Кишкене-мулла начал чтение корана на бухарский лад— звучно и нараспев. При первых его словах Кунанбай склонил голову, закрыл свой единственный глаз и сделал рукой знак все еще голосившей снохе. Айгыз и Калиха, сидевшие рядом с Каражан, поняв Кунанбая, остановили ее.
— Хватит, келин, не мешай читать коран…
Абай и Оспан долго просидели в траурной юрте. Народу в ней осталось немного: только Кунанбай, Каратай и Улжан проводили здесь весь день. Тут же сидел мулла Габитхан в очках, с чалмой на голове, читая коран, положенный перед ним на большую белую подушку. Он читал истово, с чувством, глаза его, опущенные на коран, порой закрывались— он читал суры корана наизусть. Кунанбай чуть слышно сказал несколько слов Кишкене-мулле. Тот совершил омовение, достал привезенный с собой коран, положил подушку ниже Габитхана и тоже начал читать шепотом, растягивая слова. Оспан прислонился плечом к Абаю, а спиной — к кереге и задремал под этот монотонный шепот. Абай тоже молчал — с отцом они перебросились лишь несколькими обычными вопросами о здоровье.

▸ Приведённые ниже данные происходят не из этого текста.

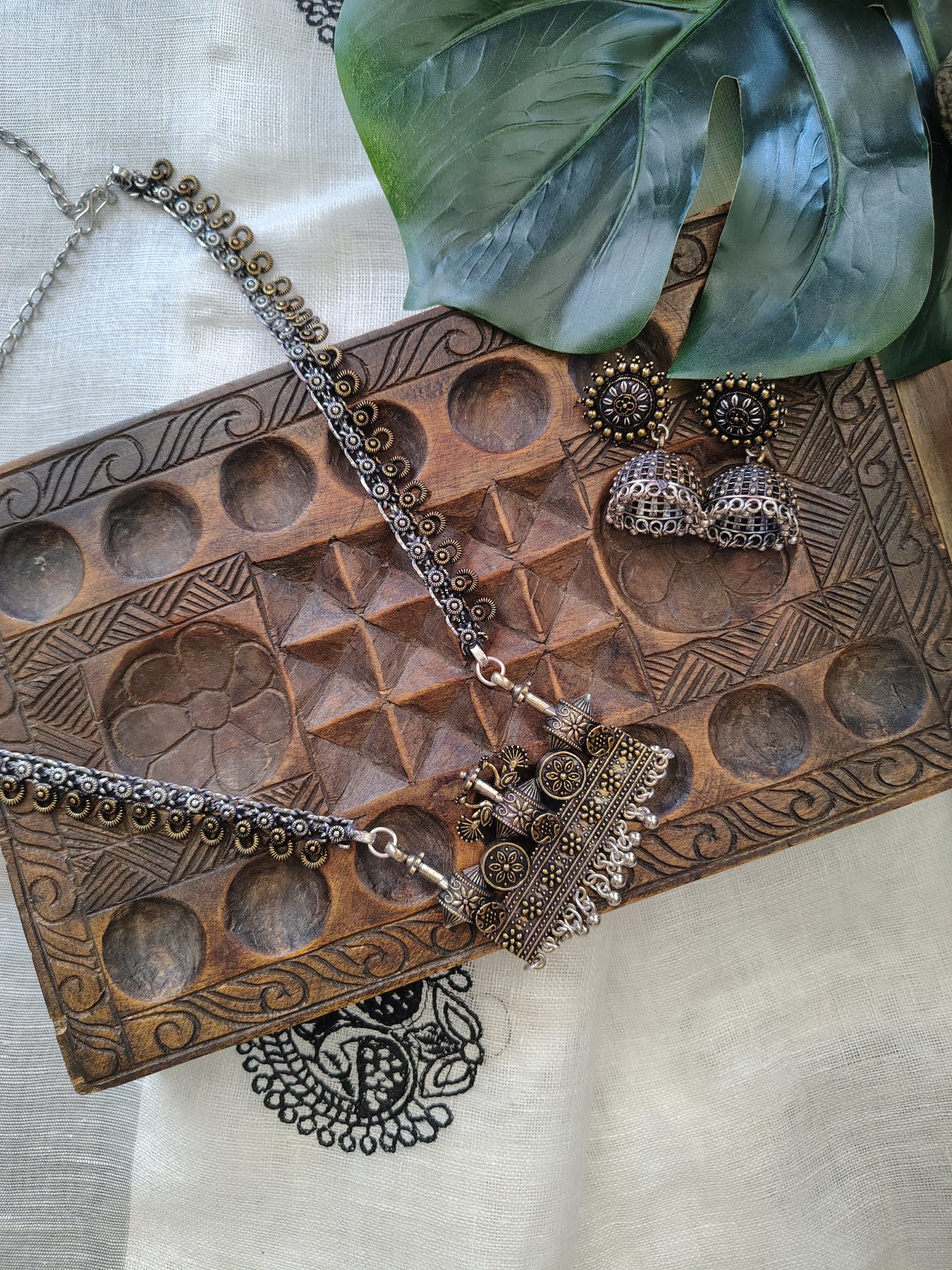 Oxidized Silver Necklace paired with matching Jhumkas
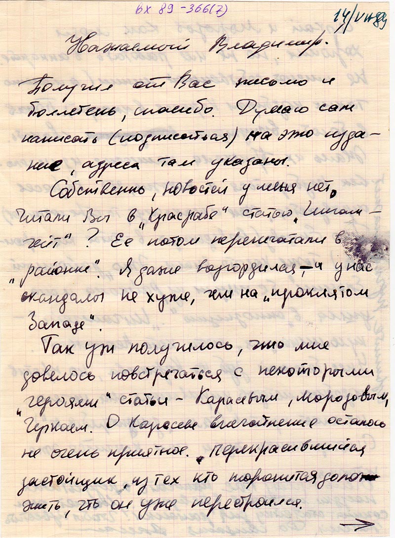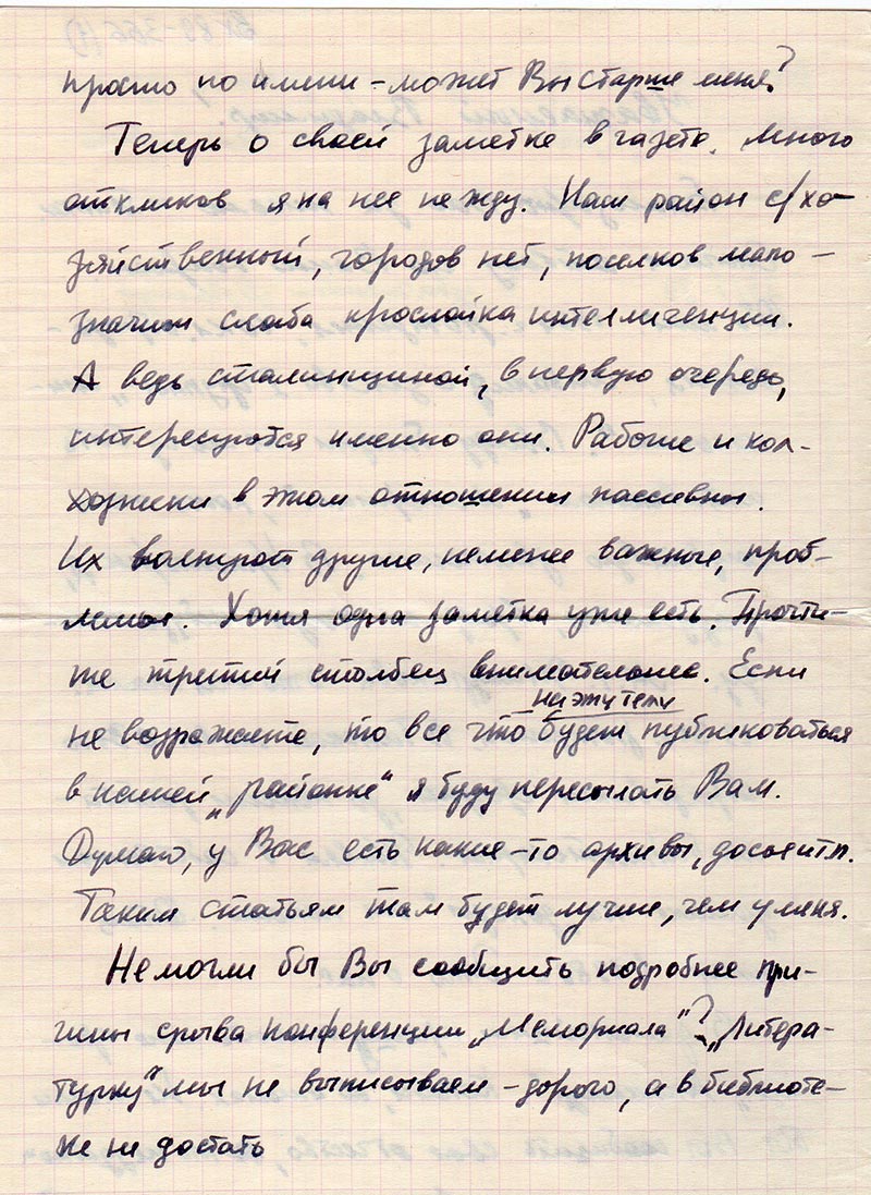 Теперь о своей заметке в газете. Много откликов на нее я не жду. Наш район с/хозяйственный, городов нет, поселков мало- значит слаба прослойка интеллигенции. А ведь сталинщиной, в первую очередь, интересуются именно они. Рабочие и колхозники в этом отношении пассивны. Их волнуют другие, неменее важные, проблемы. Хотя одна заметка уже есть. Прочтите третий столбец внимательнее. Если не возражаете, то все что на эту тему будет публиковаться в нашей «районке» я буду пересылать Вам. Думаю, у Вас есть какие-то архивы, досье и т.п. Таким статьям там будет лучше, чем у меня.
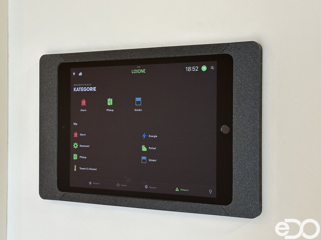 Byt dále disponuje moderním smart home systémem Loxone, který umožňuje mimo jiné inteligentní ovládání venkovních žaluzií, regulaci vytápění a chlazení v každé místnosti či monitorování spotřeby vody a energie.

Кунанбай вернулся из поездки в Мекку, которая затянулась на четыре года, в конце минувшей зимы. Он поседел и казался глубоким стариком. Крупное его тело еще сохранило былую величественность, но все лицо избороздили бесчисленные морщины. Когда-то крепкий и сильный, он выглядел теперь усталым и опустившимся. На голове его была привезенная из Мекки белая ермолка, на плечах — белый шелковый чапан со стеганым воротником, какой тоже не носили тобыктинцы. Голос его не звучал, как раньше, сильным, низким басом: о чем бы он ни говорил, он говорил теперь негромко и мягко. Сородичам он стал казаться человеком другого мира, другого воспитания. Всем своим видом он показывал свою набожность и мягкость, производя впечатление кающегося грешника.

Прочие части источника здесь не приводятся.